2

When using pandas to_html, I would like to be able to use the background_gradient function with data that is not immediately numeric. Specifically in this instance, I'd like to be able to colour a table according to the mean value, but also displaying "mean ± stdv" to the user. The issue is that "mean ± stdv" is a string. I don't think df.style.applymap is ideal, as I would like a continuous colourmap which requires knowledge of all the values in a column.

As an example:

from pathlib import Path

import pandas as pd

# cannot be easily used with background_gradient
df_with_stdv = pd.DataFrame({"A": ["0.40±0.14", "0.70±0.14", "0.28±0.08"],
                             "B": ["0.13±0.15", "0.40±0.25", "0.23±0.11"]})

# can be used, but missing other information
df = pd.DataFrame({"A": [0.40, 0.7, 0.28],
                   "B": [0.13, 0.4, 0.23]})

s = df.style.background_gradient(cmap='viridis', subset="A")

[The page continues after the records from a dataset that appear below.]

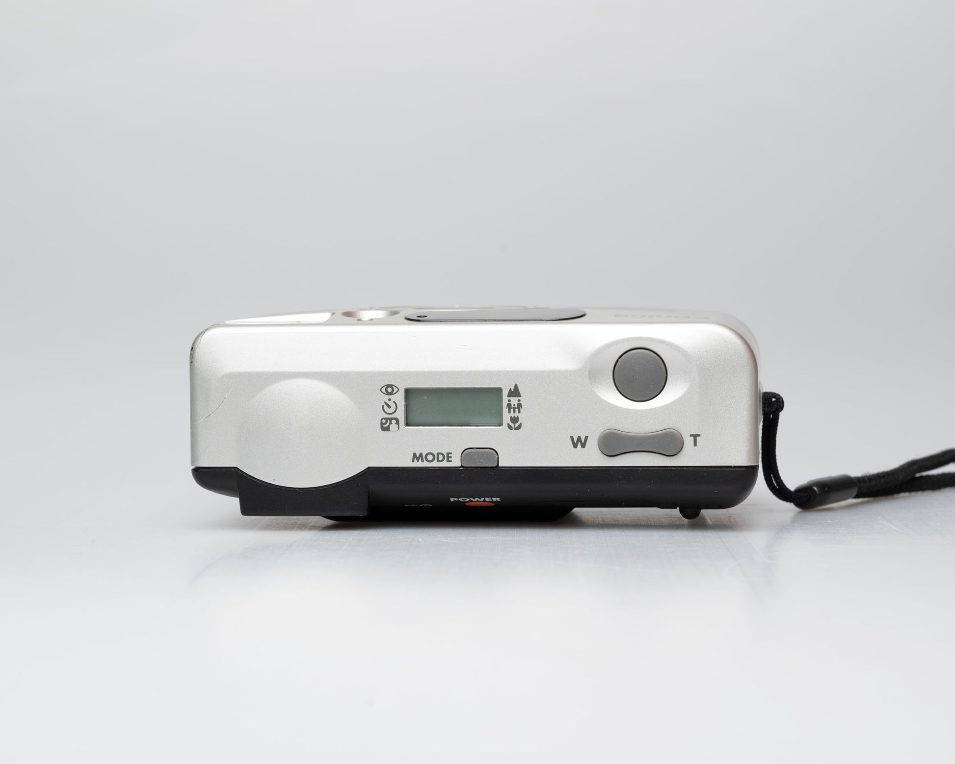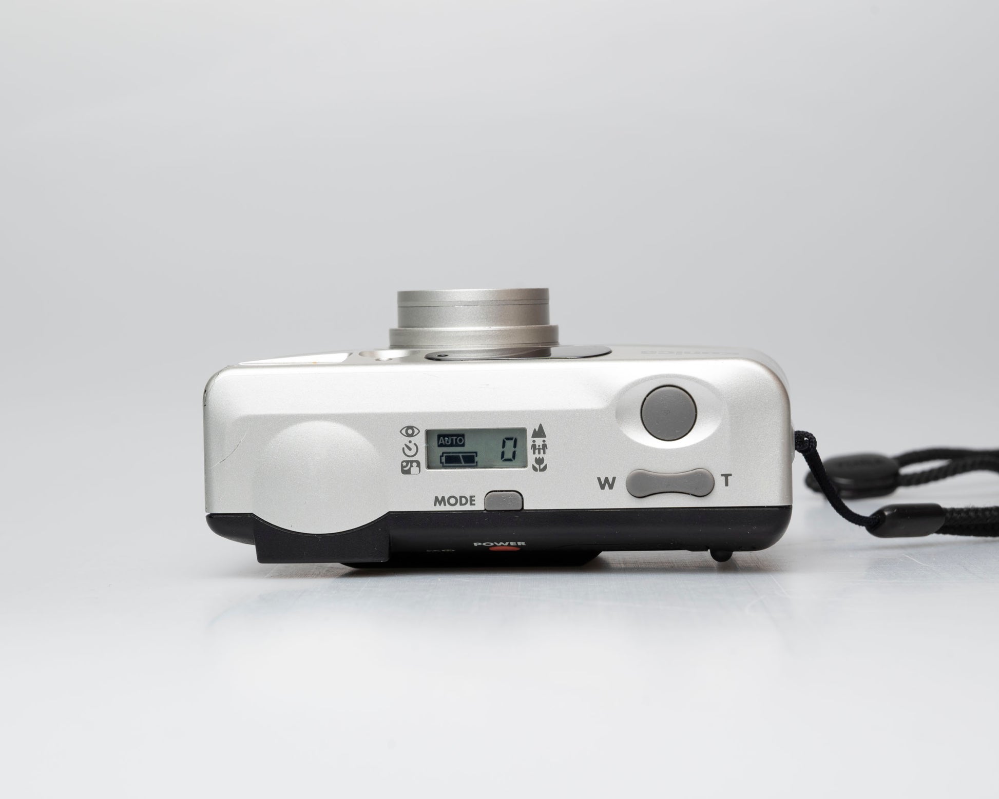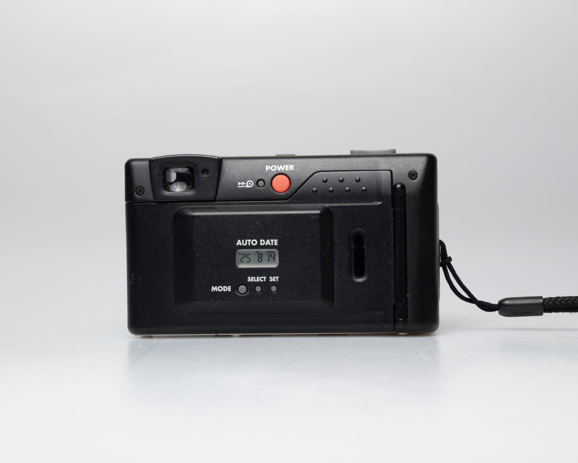 L'appareil photo a été testé avec une batterie et un film installés et a bien fonctionné (le film n'a pas été développé). Nous avons vérifié la précision de la mise au point de l'appareil photo sur un autocollimateur ; il montre un excellent pouvoir de résolution pour un appareil photo compact à zoom. Le boîtier de l'appareil présente quelques signes d'usure cosmétique, notamment une fissure fine sur le devant du boîtier de l'appareil et une partie de l'inscription étant usée (voir photos). Ces problèmes cosmétiques n'affectent pas la fonctionnalité de l'appareil photo.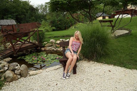 ALS Scan: Skinny Blonde Gina Gerson se déshabille et taquine avec ses minuscules seins à l'extérieur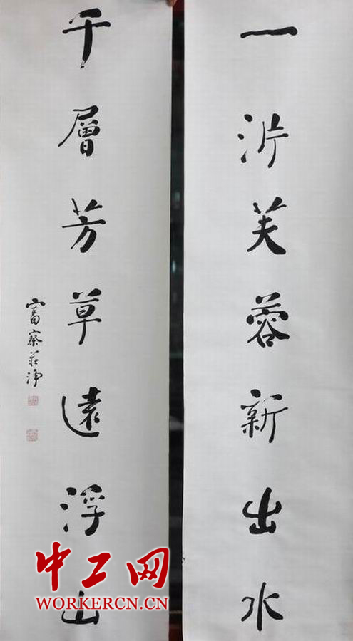 1986年,中共中央办公厅在中南海举办第一期书法班时,请富察先生去授课,听讲者中便有中央领导。富察先生对办学育人情有独钟,他不仅花精力还要出资金,把家藏古董和自身积蓄都拿出做了教学经费,即便这样,教学经费有时仍然难免捉襟见肘,每遇此时,他便会铺纸泼墨,将卖字钱予以填补。此外他是很少卖字的。他最重要的书法成果有《十二体百家姓》,由于自幼勤习隶、颜、欧、苏、黄、赵、瘦金诸体,兼及陈宝琛、何绍基、晋人写经、魏碑,故其大小楷书、行楷均十分精炼,因而成了收藏家们寻觅的书法精品,尽管他的字一字千金,润笔昂贵。图为富察庄净对联作品。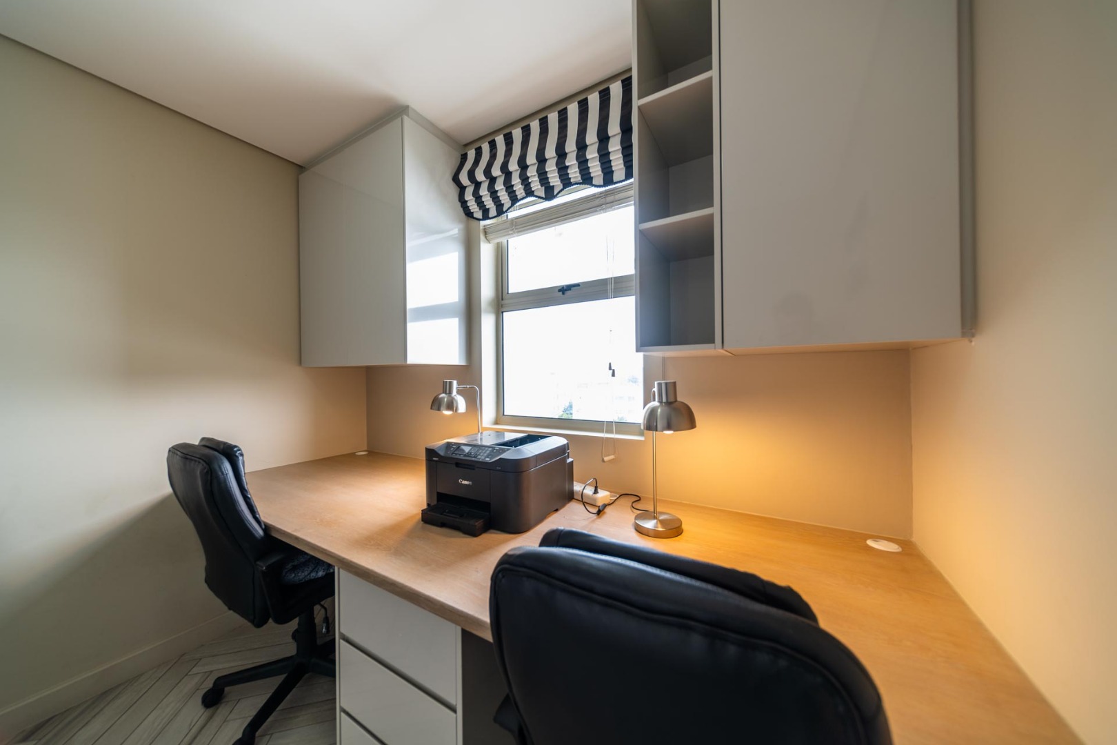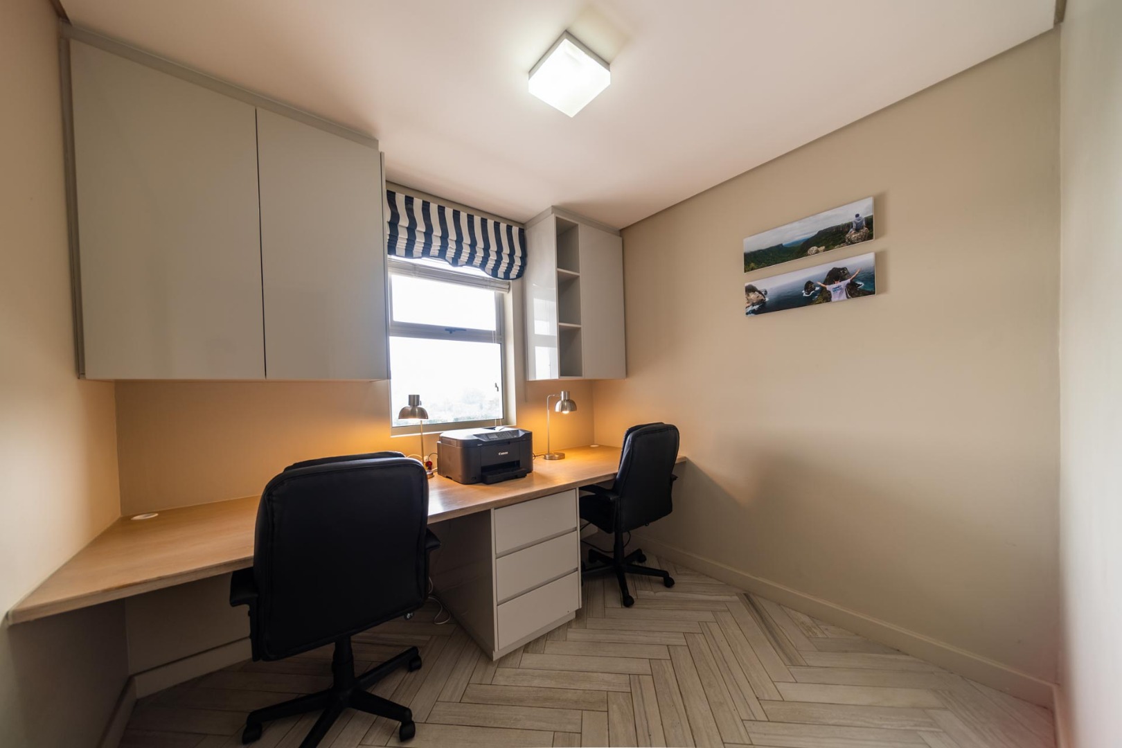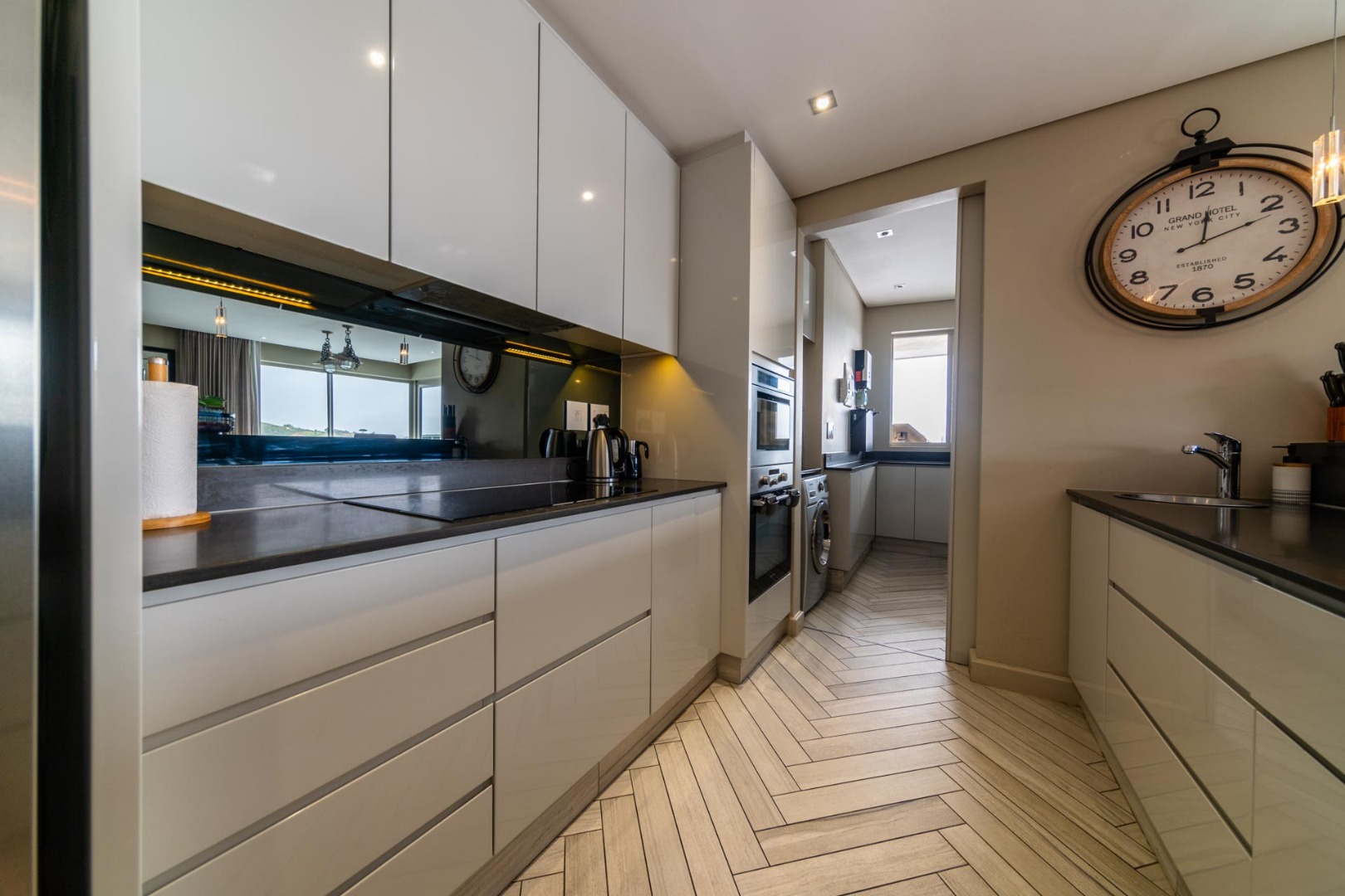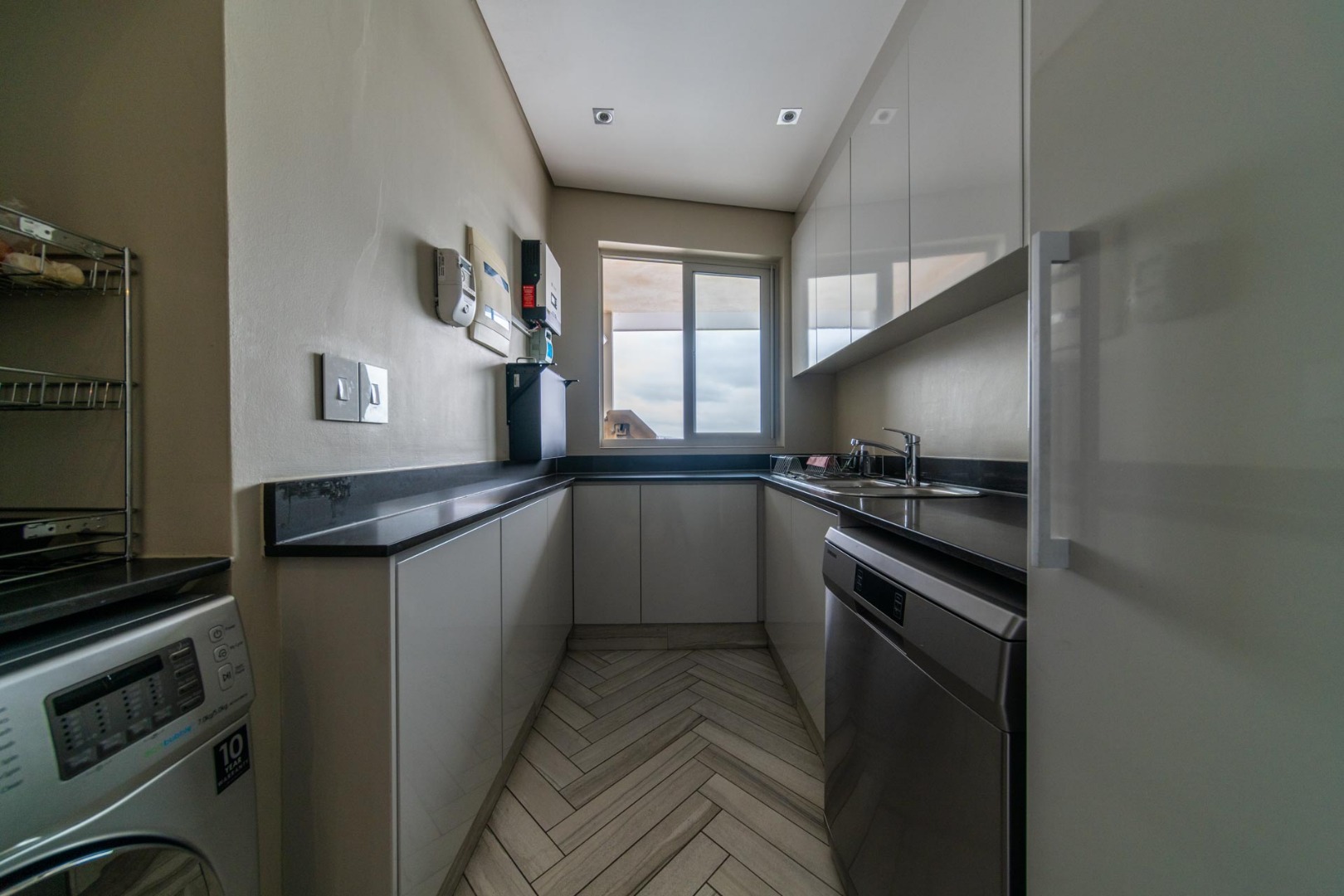 The beautifully furnished interior boasts a spacious 114 sqm living area, characterised by contemporary finishes and large windows that invite abundant natural light. The well-equipped kitchen includes a fridge-freezer, stove, oven, microwave, and a full complement of cutlery, crockery, and tea/coffee facilities. For added convenience, a washing machine and dishwasher are also included. The air-conditioned living area provides a lovely dining set, perfect for shared meals, alongside plush seating and a television. A dedicated study area offers a quiet space for work.

path = Path("<output path here>")

with open(path, "w") as f:
    f.writelines(f"<!DOCTYPE html><html><body>{s.render()}</body></html>")

I am imagining some sort of formatter that splits on "±" then sorts by first value. If this is not possible, then a solution that takes columns A_mean, A_stdv and then colours by A_mean and displays "A_mean±A_stdv" would also work.

Thanks!

Hemmer
  • 1,366
  • 1
  • 18
  • 33

1 Answers1

0

Closely inspired by Pandas - Style - Background Gradient using other dataframe , I have managed to find a solution

from pathlib import Path


import matplotlib.pyplot as plt
import pandas as pd
from matplotlib import colors

# cannot be easily used with background_gradient
B = pd.DataFrame({"A": ["0.40±0.14", "0.70±0.14", "0.28±0.08"],
                  "B": ["0.13±0.15", "0.40±0.25", "0.23±0.11"]})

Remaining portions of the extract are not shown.